Medical Device Daily

In the latest chapter in its ongoing drive toward commercialization of its Hemopurifier, Aethlon Medical (San Diego) said it has submitted an investigational device exemption to the FDA requesting permission to initiate human safety studies as well as a treatment counter-measure against select category “A” bioterror threats.

Those bioterror threats now include Ebola hemorrhagic virus and Marburg hemorrhagic virus, Aethlon’s CEO/chairman James Joyce told Medical Device Daily.

“The IDE is focused directly on the treatment of Category A bioterror threats, and these are threats that the government feels have the highest likelihood of being weaponized as agents against our civilian and military population,” Joyce said.

Parallel to the safety studies, which the company has said will include 10 human subjects, will be in vitro tests in which human blood infected with these pathogens will be treated using the Hemopurifier to measure its effectiveness.

“From the standpoint of Category A pathogens, there are no efficacy studies that can be performed because from a humanitarian standpoint, you can’t expose humans to those pathogens,” he said.

The Hemopurifier is an extracorporeal device designed to treat people infected with drug and vaccine-resistant pathogens, including HIV. It is meant to mimic the natural immune response of clearing infectious viruses and toxins before the occurrence of cell and organ infection, the company said.

The company is not doing animal studies of its Hemopurifier cartridge. “One of the problems” in doing animal studies is that animal data does not always provide useful information for humans, Joyce said.

Aethlon’s cartridges are “only designed for the single-use removal of pathogens from blood [and] a means of augmenting the immune response to recover from infection of improve the performance of therapeutics when they do exist,” he said.

The Hemopurifier device is meant to mimic the natural immune response of clearing infectious viruses and toxins before the occurrence of cell and organ infection, the company said. It is based on hollow fiber dialysis and affinity chromatography, the company said.

There are no existing therapeutics for such diseases as the Ebola virus. In fact, there are “only a few” facilities in the U.S. that will allow access for and handling of such pathogens. But Joyce said his company was fortunate enough to have relationships with “three of the four Biosafety Level 4 facilities,” facilities that do permit such pathogens within their labs.

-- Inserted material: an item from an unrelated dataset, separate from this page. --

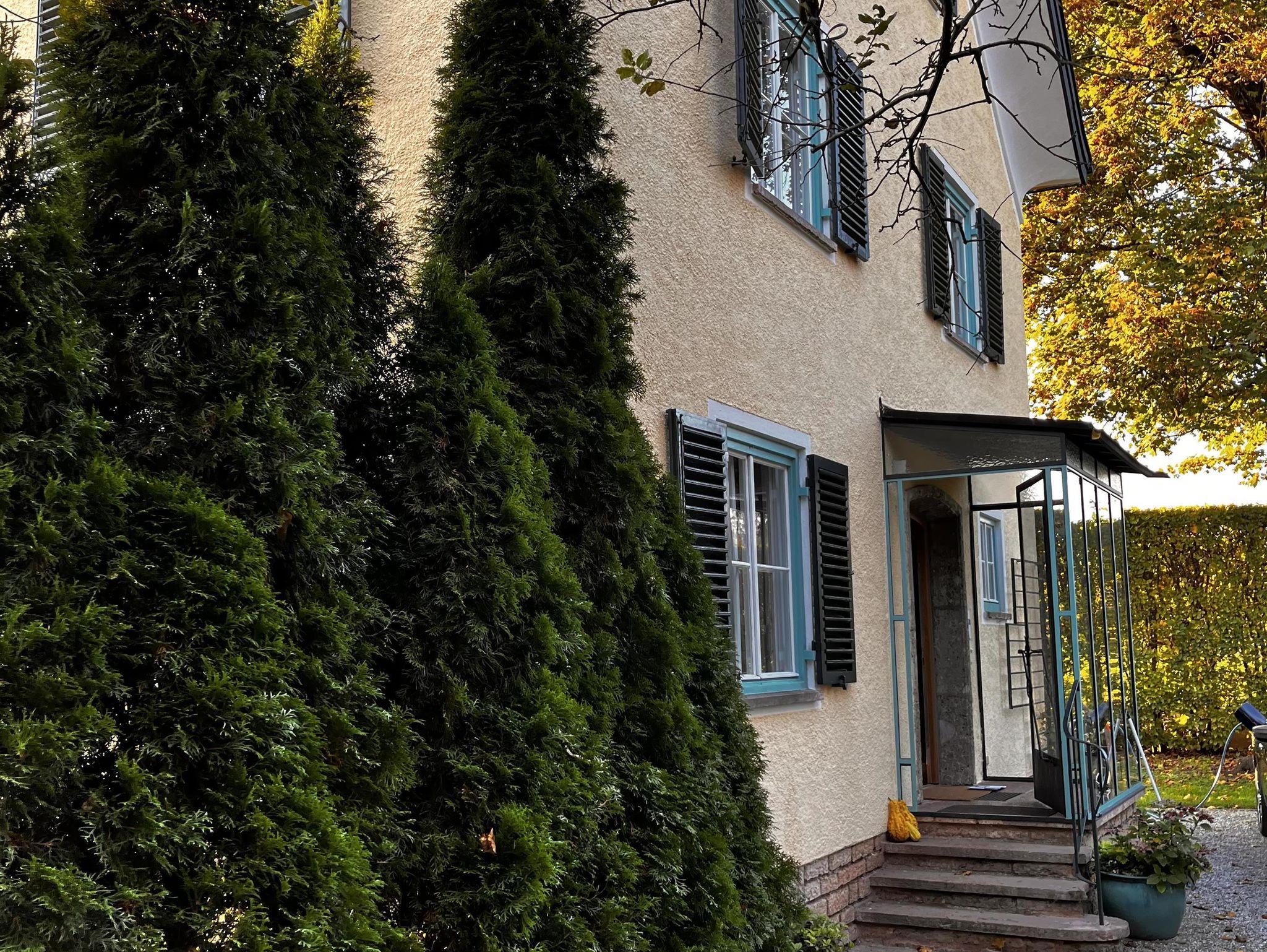 Alle Räume haben eine wunderbare Aussicht auf den großen Garten der Villa und auf die Alpen.

The three labs Joyce was referring to are at the Centers for Disease Control and Prevention (CDC; Atlanta), USAMRIID (Fort Detrick, Maryland) and the Southwest Foundation for Biomedical Research (San Antonio).

He said in addition to the Ebola virus, the studies will also involve “other Category A viruses,” which he declined to discuss in detail.

At least since 2001, the company has bannered the Hemopurifier as potentially the first device that could be used to treat HIV infection. Indeed, in August, Joyce was invited to speak at The AIDS Institute’s Treatment Horizons Forum, held in conjunction with the XVI International AIDS Conference in Toronto (Medical Device Daily, Aug. 16, 2006).

At the time, Aethlon reported a human safety study for health-compromised individuals that had been conducted at the Apollo Hospital (Delhi, India) that included 24 Hemopurifier treatments, each lasting four hours without material adverse events.

The company also wants to use its device for treatment of influenza, including the possibly pandemic-producing Avian flu.

In reporting its IDE submission to the FDA, Aethlon also said that Nathan Levin, director of the Renal Research Institute (RRI; New York) has agreed to be principal investigator of the studies. The RRI is a joint venture between Fresenius Medical Care (Bad Homburg, Germany), which focuses on dialysis treatment, and Beth Israel Medical Center (New York). Aethlon said that its study is slated to be conducted at Beth Israel, pending internal review by the hospital.